**Given data:**

# # # # #

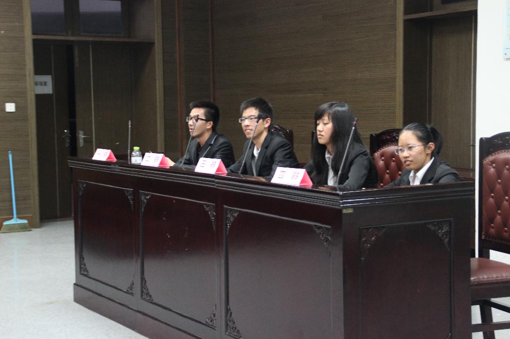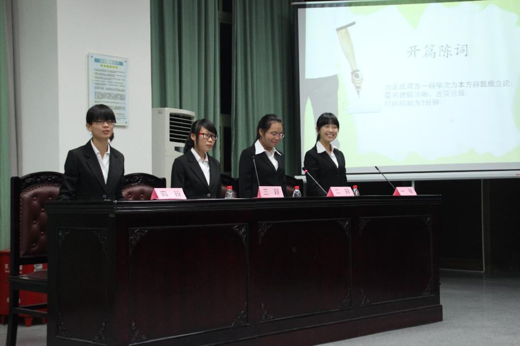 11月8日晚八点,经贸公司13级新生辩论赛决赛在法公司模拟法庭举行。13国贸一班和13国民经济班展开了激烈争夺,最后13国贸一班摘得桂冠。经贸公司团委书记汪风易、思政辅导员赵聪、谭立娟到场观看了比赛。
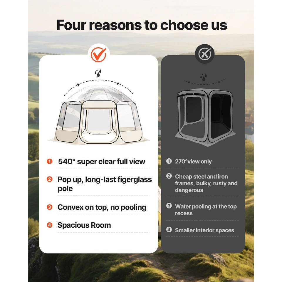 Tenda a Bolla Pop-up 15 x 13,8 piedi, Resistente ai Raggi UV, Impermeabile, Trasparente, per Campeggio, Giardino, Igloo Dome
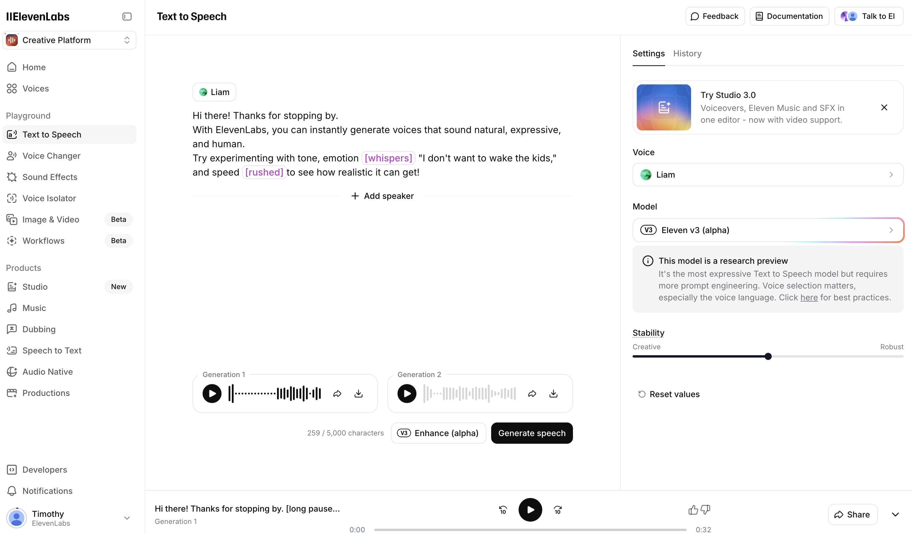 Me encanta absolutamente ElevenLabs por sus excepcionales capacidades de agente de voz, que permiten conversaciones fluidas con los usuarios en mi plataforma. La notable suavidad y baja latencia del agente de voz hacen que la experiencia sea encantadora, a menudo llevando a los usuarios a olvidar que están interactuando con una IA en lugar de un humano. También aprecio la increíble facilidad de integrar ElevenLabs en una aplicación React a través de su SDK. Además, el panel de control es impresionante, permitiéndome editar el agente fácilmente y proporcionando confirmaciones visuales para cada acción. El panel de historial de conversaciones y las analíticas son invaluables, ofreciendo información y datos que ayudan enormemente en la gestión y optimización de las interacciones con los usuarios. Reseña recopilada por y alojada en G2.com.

# # # # #

**Problem:** From the first line to the last, repeat the listing exactly and skip its images.

**Exercise answer:**
 11月8日晚八点,经贸公司13级新生辩论赛决赛在法公司模拟法庭举行。13国贸一班和13国民经济班展开了激烈争夺,最后13国贸一班摘得桂冠。经贸公司团委书记汪风易、思政辅导员赵聪、谭立娟到场观看了比赛。
 Tenda a Bolla Pop-up 15 x 13,8 piedi, Resistente ai Raggi UV, Impermeabile, Trasparente, per Campeggio, Giardino, Igloo Dome
 Me encanta absolutamente ElevenLabs por sus excepcionales capacidades de agente de voz, que permiten conversaciones fluidas con los usuarios en mi plataforma. La notable suavidad y baja latencia del agente de voz hacen que la experiencia sea encantadora, a menudo llevando a los usuarios a olvidar que están interactuando con una IA en lugar de un humano. También aprecio la increíble facilidad de integrar ElevenLabs en una aplicación React a través de su SDK. Además, el panel de control es impresionante, permitiéndome editar el agente fácilmente y proporcionando confirmaciones visuales para cada acción. El panel de historial de conversaciones y las analíticas son invaluables, ofreciendo información y datos que ayudan enormemente en la gestión y optimización de las interacciones con los usuarios. Reseña recopilada por y alojada en G2.com.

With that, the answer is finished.